Looking at the way the new keyword is created, there are only more instructions to create objects and perform initialization functions from the bytecode alone, as well as generating constant pool literals. The first object has a reference in the string constant pool, and the second object has no reference in the heap, which means it is the object created by new, because the variable s is on the stack.
Constant pool:
#1 = Methodref #6.#24 // java/lang/Object."<init>":()V
#2 = Class #25 // java/lang/String
#3 = String #26 / / how are you. #26= Utf8 hello...... Code: stack=3, locals=2, args_size=1
0: new #2 // class java/lang/String
3: dup
4: ldc #3 / / the String hello
6: invokespecial #4 // Method java/lang/String."
":(Ljava/lang/String;) V
9: astore_1
......
LocalVariableTable:
Start Length Slot Name Signature
0 13 0 args [Ljava/lang/String;
10 3 1 s Ljava/lang/String;
Copy the code
Either way, a String object is first checked to see if a reference to the corresponding String exists in the String constant pool, returned if it exists, created on the heap if it does not exist, and then created in the String constant pool and returned. The direct assignment method takes the reference directly, and the new creation method goes through the same steps first, but creates a new object at run time. This leads to a common interview question: How many objects does String create? The following will be illustrated in detail through cases.

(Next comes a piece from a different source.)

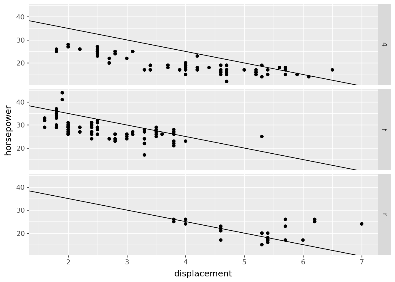 from plotnine import ggplot, aes, geom_point, labs, geom_abline, facet_grid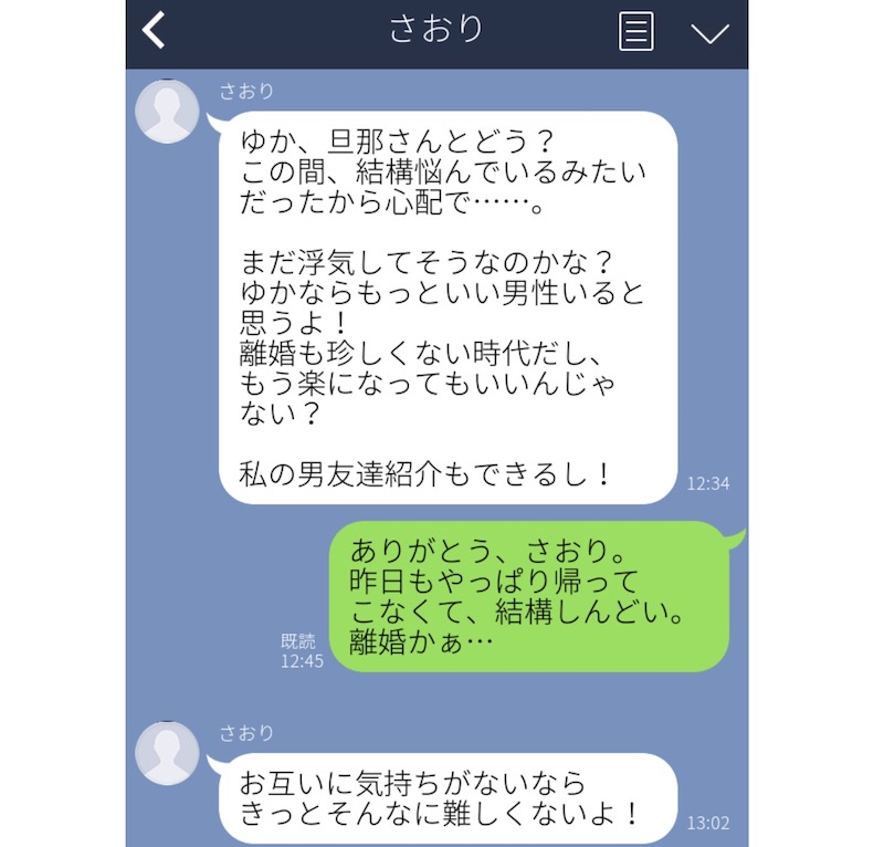 こちらの女性は、友人に夫の浮気疑惑を相談していたそうです。その友人からは、ことあるごとに、離婚を勧めるLINEが入っていたとか。最初は、心配してくれていると思っていたそうなのですが、実はなんと、浮気相手はこの友人だったことが判明!

String is a combination of the two creation methods
The biggest difference between literal creation and new keyword creation is the way objects are generated in the heap. So what happens when you mix these two methods together? The following example shows all the blending methods:
public static void main(String[] args) {
String s1 = "String";
String s2 = "String";
String s3 = "Character" + "String";
String s4 = "Character" + new String("String");
String s5 = new String("String");
String s6 = "Word";
String s7 = "String";
String s8 = s6 + s7;
System.out.println(s1 == s2);
System.out.println(s1 == s3);
System.out.println(s1 == s4);
System.out.println(s1 == s5);
System.out.println(s1 == s8);
}
Copy the code
When s1 is created, string objects are generated in the heap and the reference is placed in the string constant pool. When S2 is created, the reference is directly retrieved from the string constant pool, so s1 and S2 are the same object. Upon checking that S1 and S3 are also equal, a look at the bytecode shows that the compiler generates literals of “string” directly, because the compiler is optimized to add literals directly and merge them. S4 is not equal to S1, and s5 is obviously not equal to s1. S8 looks similar to S3 on the surface, but is not as optimized as S3 and is implemented through StringBuilder like S4, so it is not equal to S1.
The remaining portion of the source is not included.